I'll second Doc on a longer rod for casting. I also like braid. For POW silvers, most fish will be in the 8-14 pound range. So it depends on how exciting of a fight you want. Personally I don't like ugly sticks for powerful fish. I don't like how their tips are for fighting something taking drag. So use a lighter rod for more of a challenge or a stiffer one for less. Any of those brands are great. We used to use lamiglas for kings, but for the size of fish you are going after, you don't need a king rod. 

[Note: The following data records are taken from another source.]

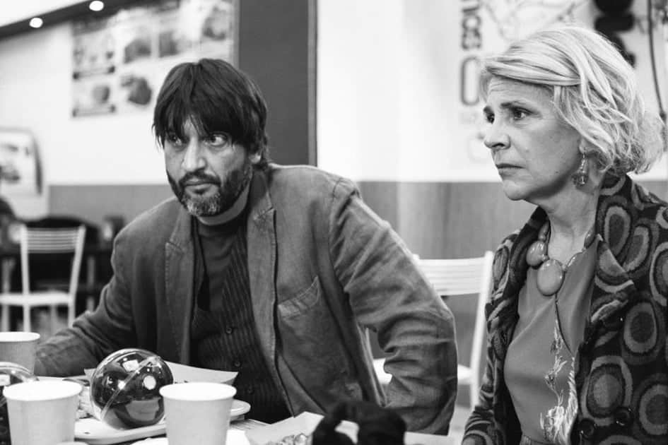Lo sguardo pungente del regista non risparmia nessuno: clero, ospedali, artisti, editori, genitori. Come non dimenticare, a tal proposito, la figura della mamma, ossessionata dai selfie, vedova più che allegra, innamorata persa di un artista performer molto più giovane di lei, artista che assembla emozioni con i mobili Ikea, o il professore che aveva ammirato all’università, che ritrova incollato ai videogiochi, o il prete disilluso e dedito all’alcol. Personaggi fuori luogo, strambi, incomprensibili che popolano luoghi alienanti caratterizzati da bancomat impazziti, fast food con menù che non si possono modificare, in cui niente è definito, è certo se non questo fischio all’orecchio che continua a sentire solo lui, se non questo funerale fissato alle sette di sera di questo Luigi di cui ignora l’identità.
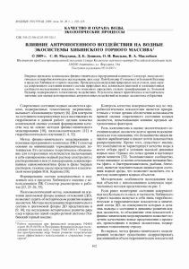 ВОДНЫЕ РЕСУРСЫ, 2009, том 36, № 1, с. 102-116 _________________________ КАЧЕСТВО И ОХРАНА ВОДЫ, _________________________ ЭКОЛОГИЧЕСКИЕ ПРОЦЕССЫ УДК 536-12:504.42.05:591.524.1 ВЛИЯНИЕ АНТРОПОГЕННОГО ВОЗДЕЙСТВИЯ НА ВОДНЫЕ ЭКОСИСТЕМЫ ХИБИНСКОГО ГОРНОГО м а с с и в а 1 © 2009 г. С. И. Мазухина, Д. Б. Денисов, О. И. Вандыш, В. А. Маслобоев Институт проблем промышленной экологии Севера Кольского научного центра Российской академии наук 184200 Апатиты, ул. Ферсмана, 14а Поступила в редакцию 09.10.2007 г. Впервые проведено комплексное физико-химическое (программный комплекс Селектор), палеоэколо гическое и гидробиологическое исследование двух озер: Пай-Кунъявр (Гольцовое) и Большой Вудъявр в пределах Хибинского горного массива. Проведена реконструкция природных вод и стоков, дана оцен ка современного состояния ионного состава природных вод, комплексов диатомей и зоопланктонных сообществ исследованных водоемов, что позволило определить степень трансформации оз. Большой Вудьявр, подверженного техногенному воздействию. Результаты имеют практическое и методическое значение для оценки долговременных антропогенных воздействий на водные экосистемы субарктики. Современное состояние водных экосистем в аре алах, подверженных техногенному загрязнению, вызывает обоснованную тревогу [ 6 ]. Для контроля за состоянием поверхностных вод и населяющих их гидробионтов в данной работе сделана попытка комплексной оценки условий формирования каче ства вод на основе методов физико-химического моделирования [18], палеоэкологического [ 12 ] и гидробиологического изучения [1, 4, 32]. Метод физико-химического моделирования с помощью программного комплекса (ПК) Селектор основан на минимизации термодинамических по тенциалов. Его детальное теоретическое обоснова ние для гетерогенных мультисистем (включающих в себя одновременно водный раствор электролита с растворенными в нем углеводородами, конденсиро ванные однокомпонентные фазы и фазы твердых растворов, газовую смесь) представлено в классиче ской монографии И.К. Карпова [18]. Формирование состава поверхностных и под земных вод в пределах Хибинского массива с ис пользованием ПК Селектор рассмотрено в рабо тах [23, 25-26, 35]. Палеоэкологический метод, основанный на изу чении диатомовой флоры донных отложений (ДО), позволяет судить об историческом развитии водных экосистем. Методы исследования гидрохимического состава и диатомовой флоры ДО представлены в [9, 10], где исследовано историческое развитие ряда озер в пределах одной озерно-речной системы (Хи бинский горный массив). 1 Работа выполнена при финансовой поддержке РФФИ (грант 06-05-64708) иПрограммы фундаментальных иссле дований Отделения наук о Земле РАН ОНЗ-3 “Техноген ное преобразование недр Земли: развитие теоретических основ эффективного использования и сохранения георе сурсов”. Контроль качества поверхностных вод по гид робиологическим показателям является приори тетным с точки зрения обеспечения возможности прямой оценки современного состояния водных экосистем, испытывающих влияние вредных ан тропогенных факторов. Роль зоопланктона в оценке экологического со стояния водных экосистем долгое время недооцени валась на том основании, что большинство видов яв ляются эврибионтами и имеют почти повсеместное распространение. Кроме того, существует мнение, что зоопланктон не характеризует качество вод
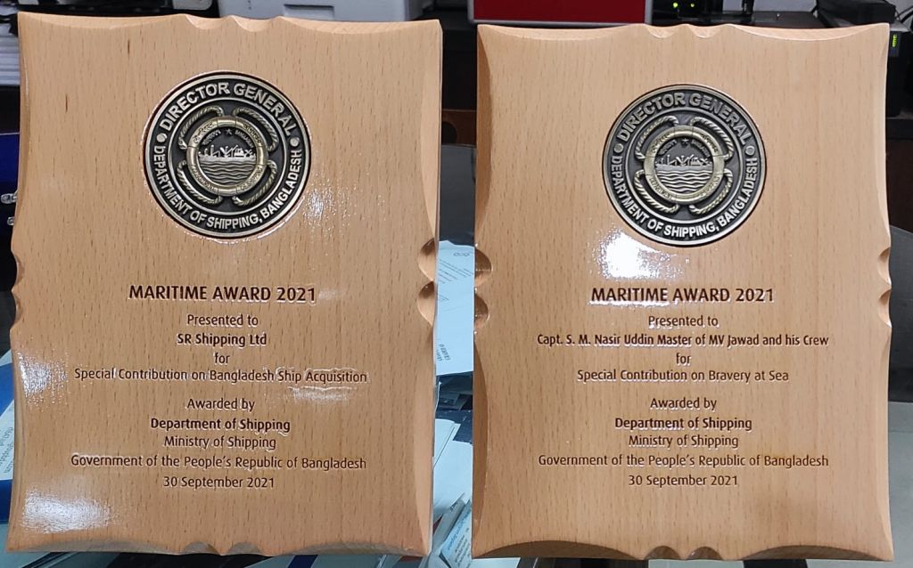 গভীর সমুদ্র থেকে এক ভারতীয় জেলেকে ভাসমান অবস্থায় জীবিত উদ্ধারের জন্য ‘সমুদ্রে সাহসিকতায় বিশেষ অবদানের স্বীকৃতি’ হিসেবে এমভি জাওয়াদের ক্যাপ্টেন এসএম নাছির উদ্দিন ও ক্রুদের এবং আন্তর্জাতিক সমুদ্র রুটে ‘জাহাজ অধিগ্রহণে বিশেষ অবদানের স্বীকৃতি’ হিসেবে অ্যাওয়ার্ড দেওয়া হয় এসআর শিপিং লিমিটেডকে।

I'm not very familiar with shimano 2500 size, but it looks a little small for slivers.


----------



## DocEsox (May 12, 2008)

You're right about the 2500....mostly used it in streams. For big casting 4000 would probably be best....especially for shore casting... When I first was in Alaska....early 90's...late in the season I would fish the Little Susitna River.....placid and not too deep with an old Fenwick 7' (rated for 6-12 lbs line...prebraid era) rod (back when they were US made) and a Shimano Symetre 2500. Do have to admit the reel started to seize up after several trips and probably 100 silvers. When I opened it up the drag was completed fried....as was most of the gearing....hey..it was darn fun.


----------



## archerben (Sep 14, 2007)

Interesting comments on the length of rod. The shortest "salmon/steelhead" type rod I can find is an 8'6". All medium to medium heavy 7' rods I've looked at are one piece, which makes transport an issue (I will likely be driving).

You guys have convinced me that the Saragosa I was looking at is overkill, and I'm thinking a 4000 size reel is going to be better. Unfortunately, none of the smaller reels are really made for saltwater.


----------